▶ [TASK DETAILS] For the records below, please print exactly and only the lines from the one with "The Louis Vuitton" down to the one with "- 住友林業の標準である「塗", both ends included, omitting the pictures.
━━ MATERIAL SHOWN ━━
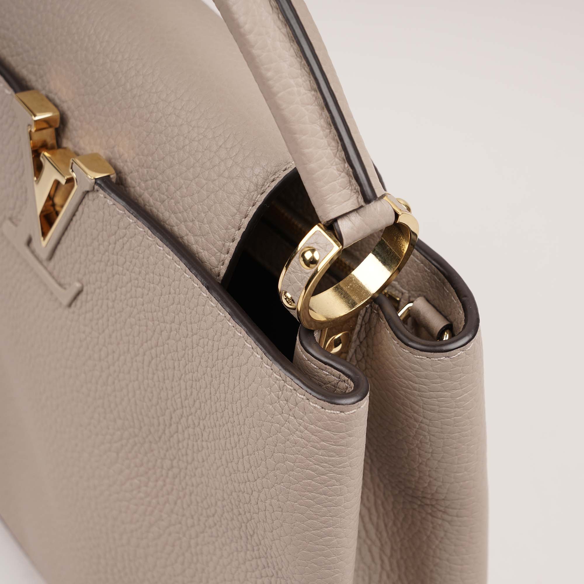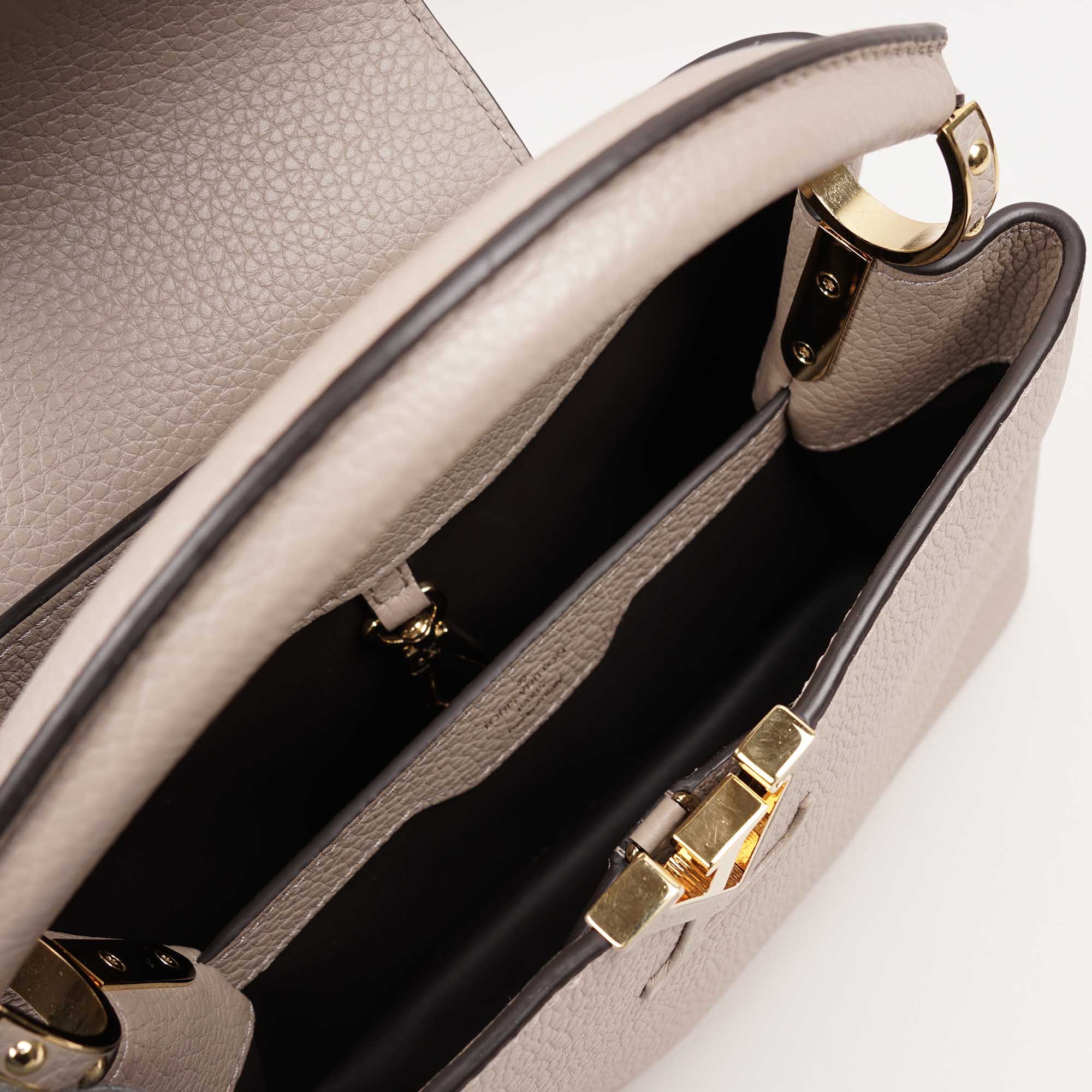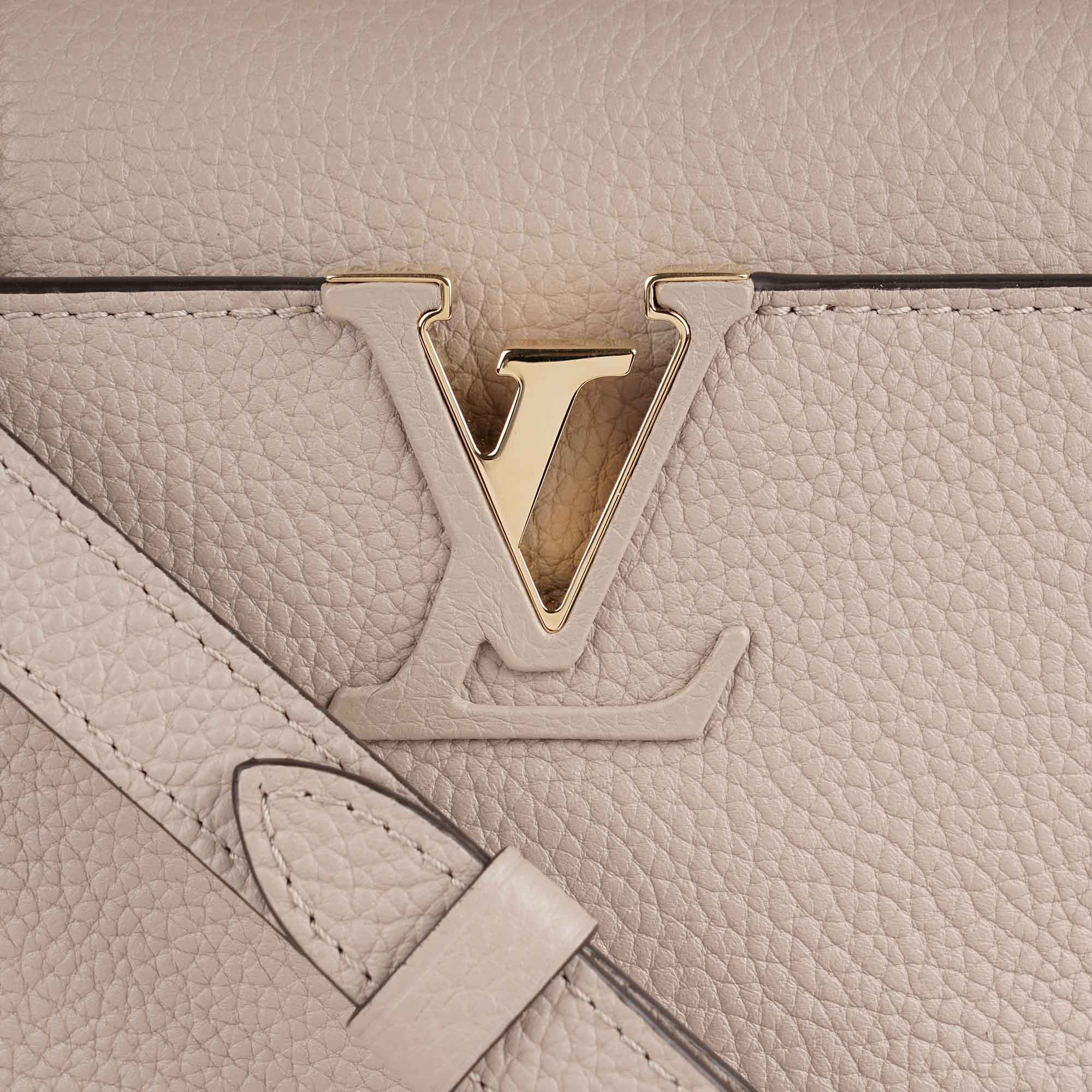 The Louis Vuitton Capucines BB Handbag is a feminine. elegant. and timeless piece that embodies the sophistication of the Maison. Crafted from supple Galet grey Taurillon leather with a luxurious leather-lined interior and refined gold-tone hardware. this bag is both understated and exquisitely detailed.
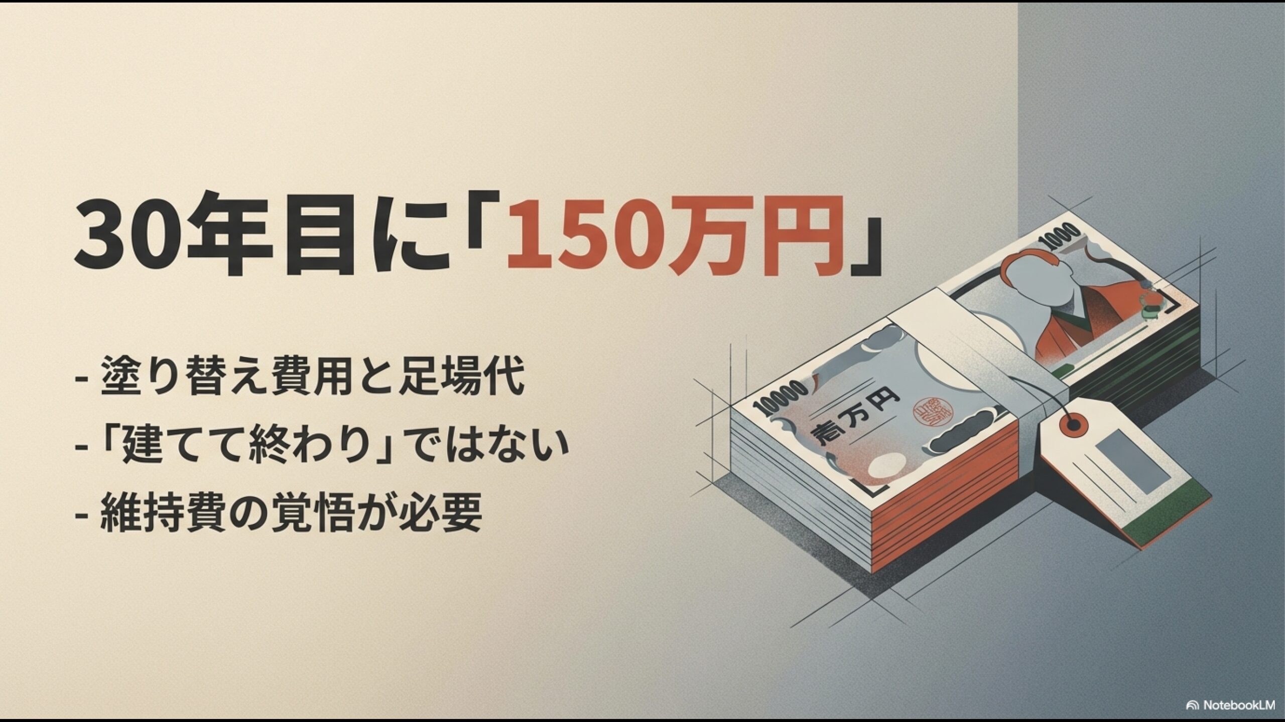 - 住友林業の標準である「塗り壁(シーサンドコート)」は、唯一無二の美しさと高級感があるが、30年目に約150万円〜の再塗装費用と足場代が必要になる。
━━━
━━ MATERIAL SHOWN ━━
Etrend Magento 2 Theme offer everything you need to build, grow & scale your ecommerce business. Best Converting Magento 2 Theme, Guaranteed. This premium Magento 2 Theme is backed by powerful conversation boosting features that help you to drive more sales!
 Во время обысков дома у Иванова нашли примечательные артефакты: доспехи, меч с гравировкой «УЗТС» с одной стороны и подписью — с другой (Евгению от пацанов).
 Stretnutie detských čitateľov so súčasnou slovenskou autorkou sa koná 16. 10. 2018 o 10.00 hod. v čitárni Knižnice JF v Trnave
━━━
▶ [SOLUTION FOR THIS TASK]
 The Louis Vuitton Capucines BB Handbag is a feminine. elegant. and timeless piece that embodies the sophistication of the Maison. Crafted from supple Galet grey Taurillon leather with a luxurious leather-lined interior and refined gold-tone hardware. this bag is both understated and exquisitely detailed.
 - 住友林業の標準である「塗り壁(シーサンドコート)」は、唯一無二の美しさと高級感があるが、30年目に約150万円〜の再塗装費用と足場代が必要になる。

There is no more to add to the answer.